Les nouveaux programmes immobiliers fermés sont très hétérogènes :

- petits lotissements récents conçus dès le départ comme des ensembles fermés : ils apparaissent à la fin des années 1990 et se multiplient surtout depuis 2000 à la faveur du regain d’attractivité de la commune et de la hausse des prix immobiliers à Marseille (partie 2). On les rencontre principalement en périphérie, dans des zones récemment ouvertes à l’urbanisation par des remaniements du POS ou l’ouverture de ZAC (au nord : Château-Gombert, hauts de sainte Marthe, à l’est, la Valentine).

- certains de ces nouveaux ensembles collectifs ou mixtes sont construits avec un véritable souci de mise en scène de la fermeture et une volonté de qualité et d’homogénéité des aménagements paysagers, répliques d’un modèle méditerranéen international (« néo-provençal », « néo-toscan », …ou jouant sur l’identité visuelle de la bastide marseillaise) tels que les opérateurs immobiliers peuvent en disséminer aux quatre coins de la planète. La sécurisation est ici ostentatoire. Ces copropriétés fermées imposent des contraintes fortes en matière d’usage des espaces particuliers et communs (par exemple dans le choix des espèces ornementales des jardins privatifs, dans l’accès des enfants aux jardins). Elles ont une forte visibilité, mais demeurent très minoritaires dans la totalité de l’offre que nous avons inventoriée.

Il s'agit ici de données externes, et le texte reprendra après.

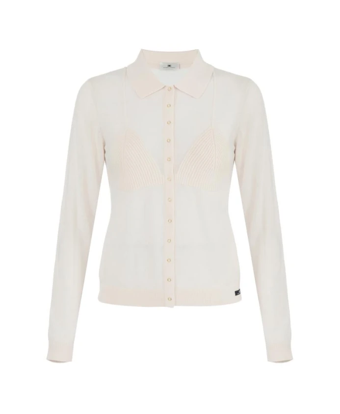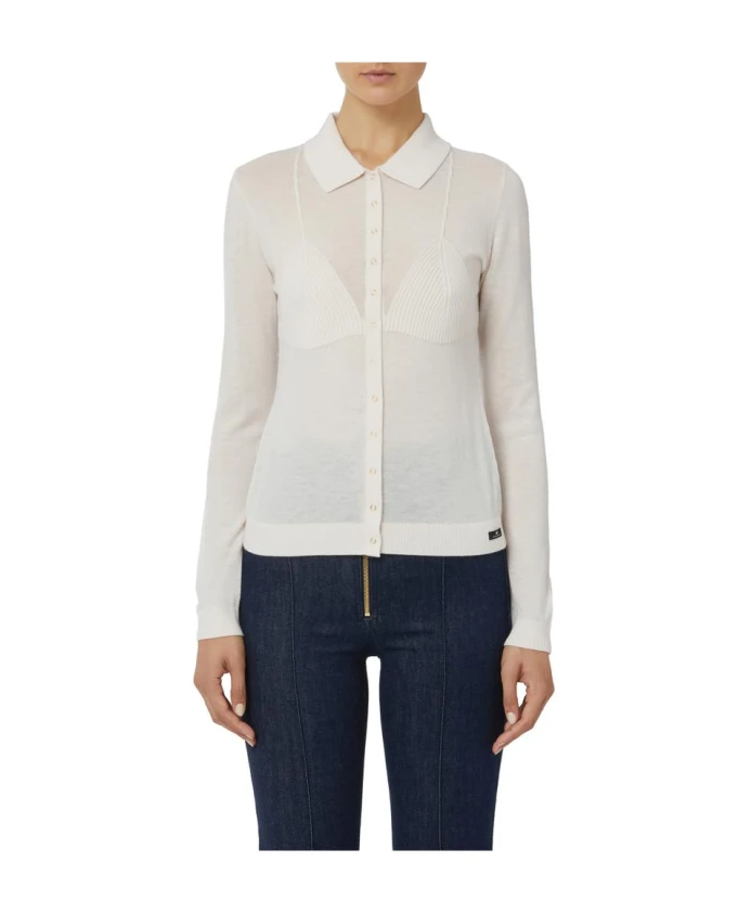 Кардиган Elisabetta Franchi из шерстяной смеси сочетает в себе облегающий, приталенный силуэт с ребристыми деталями, напоминающими нижнее белье, которые создают изысканные полупрозрачные контрасты. Он идеально подходит в качестве легкой вещи для многослойных образов, как элегантных, так и повседневных. Ключевые особенности: Белый | Молочный | Шерстяная смесь | Застежка на пуговицы | Логотип | Воротник рубашечного типа | Длинные рукава | Ребристые детали, создающие линию бюстгальтера | Легкий полупрозрачный контраст | Облегающий силуэт | Этикетка внизу | Размеры и посадка: Длина: 57 см для размера IT 40 | Модель: 177 см, размер IT 40 | Облегающий крой | Состав и уход: 77% шерсть | 19% полиэстер | 4% полиамид

- très récemment sont apparus de nouveaux projets fermés composés de collectif ou de logements individuels de niveau modeste et de coût modéré. On les trouve dans les quartiers nord ou certaines parties défavorisées des quartiers sud. Parmi eux, des ensembles mixtes contiennent de l’habitat social, et parfois des logements étudiants36, notamment dans les ZAC. Nous analyserons en partie 2, à travers

quelques études de cas, la mise en œuvre des partenariats publics privés qui aboutissent à ces réalisations.